Here, at TrueCar, we’ve come a long way to finding the optimal test automation solution. This article is the first of the two blog posts describing our journey, the challenges we’ve faced, and the lessons we’ve learned. We built a full-scale CI/CD, where every code change goes through numerous automated validations and tests. This gives us confidence about the quality of the features that we ship to production.
A Little Bit of History
We’ve had automated testing for 10+ years at TrueCar. Some old-timers still remember the QTP and VB scripts from 2009, which were replaced by a Selenium and Python framework in 2013. Around 2014–2015 we moved to Robot Framework, which enabled us to create test scripts much faster using its rich library of keyword functions. In 2016, as the company started working on Capsela (the initiative of rebuilding our legacy platform in the cloud), the QA team took on building Otto, an extensive test framework. At all points, the test automation platform evolved together with the development platform, adapting to the ever-changing needs of the fast-paced environment.
Pre-Capsela Testing Process
Back in 2014 through early 2016, TrueCar was still running on the legacy development platform hosted in our data center. For the QA team, it meant we had to support more than ten services and client applications written in Java, Python or C#. In fact, everything was fragmented and alterations of any kind were difficult. Changing the color of a button across www.truecar.com and our partner sites required close collaboration of at least three teams. PMs had to create three change management (CM) requests. Three teams had to hold three planning meetings. Different developers had to check in the code to separate repositories, and different QA engineers had to individually test each change. Complicating things even further, web and mobile versions of our partner sites were two separate applications. Given these complexities, test automation was a major challenge.
Our release process involved three different pre-production environments:
- QA, which was our primary integration and test environment
- Staging, which reflected production, was used mainly for performance testing, but also functional regression before a release
- UAT(User Acceptance Test), which was prod-like as well, but used by our partners and stakeholders primarily for testing the cross-platform integrations and acceptance of the new features.
Our regular release cadence was once every two weeks.
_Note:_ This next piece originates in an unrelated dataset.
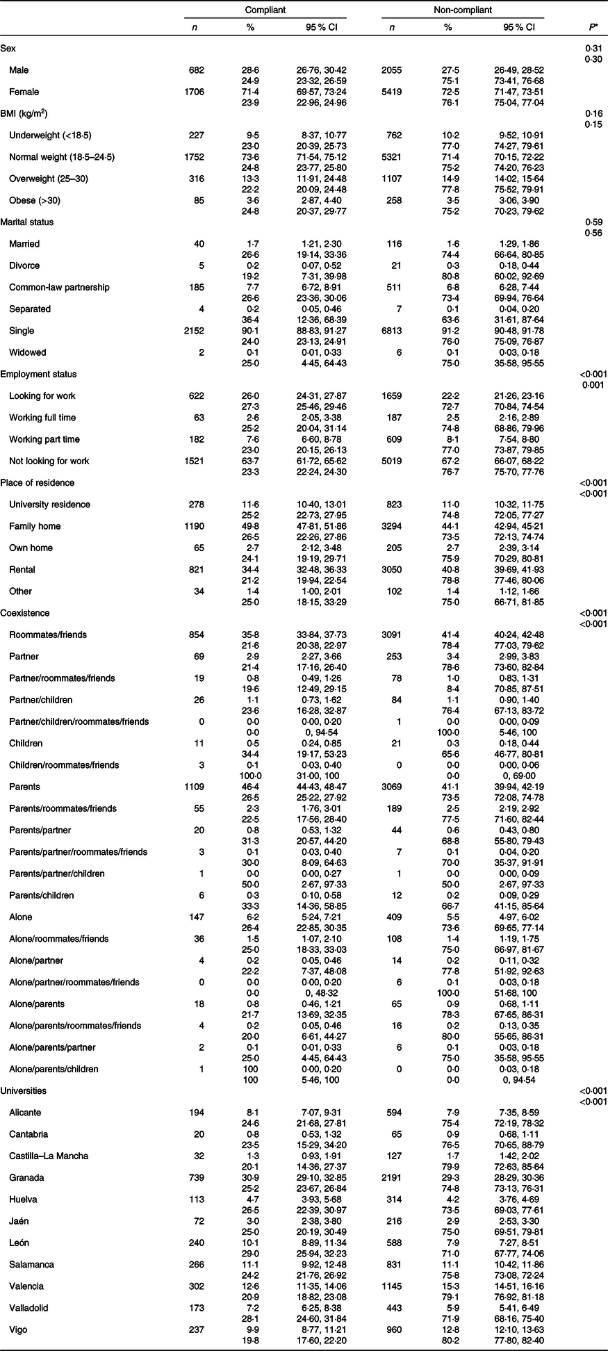 Table 1 shows compliance with pulses consumption recommendations depending on location and living situation without re-categorisation. Of the students in the eleven participating universities, 75·8 % presented an inadequate consumption of pulses. It is noted that there was no significant difference between compliance with the frequency of consumption of pulses according to sex (P = 0·299), BMI (P = 0·151) or marital status (P = 0·558). However, regarding the frequency of consumption of pulses according to the current situation in terms of work and study, there was a significant difference (P = 0·001). Students who study and look for work were the group that comply with the recommended frequency of consumption of pulses in the greatest proportions (27·3 %). A significant difference (P < 0·001) was found between compliance with the frequency of consumption of pulses with respect to where they lived during the course. Those who lived in the family home comply with the frequency of consumption of pulses in the highest proportion (26·5 %), while those who did so in rental apartments had the lowest rate of compliance (21·2 %). Compliance with the frequency of consumption of pulses with respect to coexistence shows a significant difference (P < 0·001), with those who lived with their parents/partner/friends having the highest compliance rate (50·0 %) for groups whose members represent at least 1 % of the population sample. The lowest rate of compliance is found in those living with partner/friends (19·6 %). There was a statistical difference (P < 0·001) between compliance with the frequency of consumption of pulses regarding the university attended. The highest rate of adequate consumption of pulses was in the Universities of León (29·0 %) and Valladolid (28·1 %) with those with the lowest rate compliance being the Universities of Castilla–La Mancha (20·1 %) and Vigo (19·8 %) (P < 0·001).

A release would start with a CM (Change Management) ticket that had all the planned feature tickets linked to it. Developers began working on the release candidate, and three days before the release day they had to cut a release candidate branch and pass it for testing. QA engineers had two full days to verify the changes in the shared QA environment.
That’s when all the “fun” started. The bugs were coming in (the bug fixes too), new builds had to be deployed and re-tested, and a single shared test environment was making it all very challenging.
With multiple apps releasing on the same schedule, we had to juggle the versions and make sure we were testing the exact combination that we needed to ship.
Some deployments could bring the environment down for up to 20 minutes, so the testing sessions were often interrupted.
We had a significant number of automated regression tests, but these interruptions made it almost impossible to get a clean run of the automated regression. After testing on QA, we deployed to our pre-prod environments and ran another round of regression tests. If everything looked good, we signed off on the release.
On the release day there was a CM coordination meeting to discuss the order of deploying the applications. Typically, backend services had to go first, followed by the client applications. Sometimes there were up to five or six apps in the queue.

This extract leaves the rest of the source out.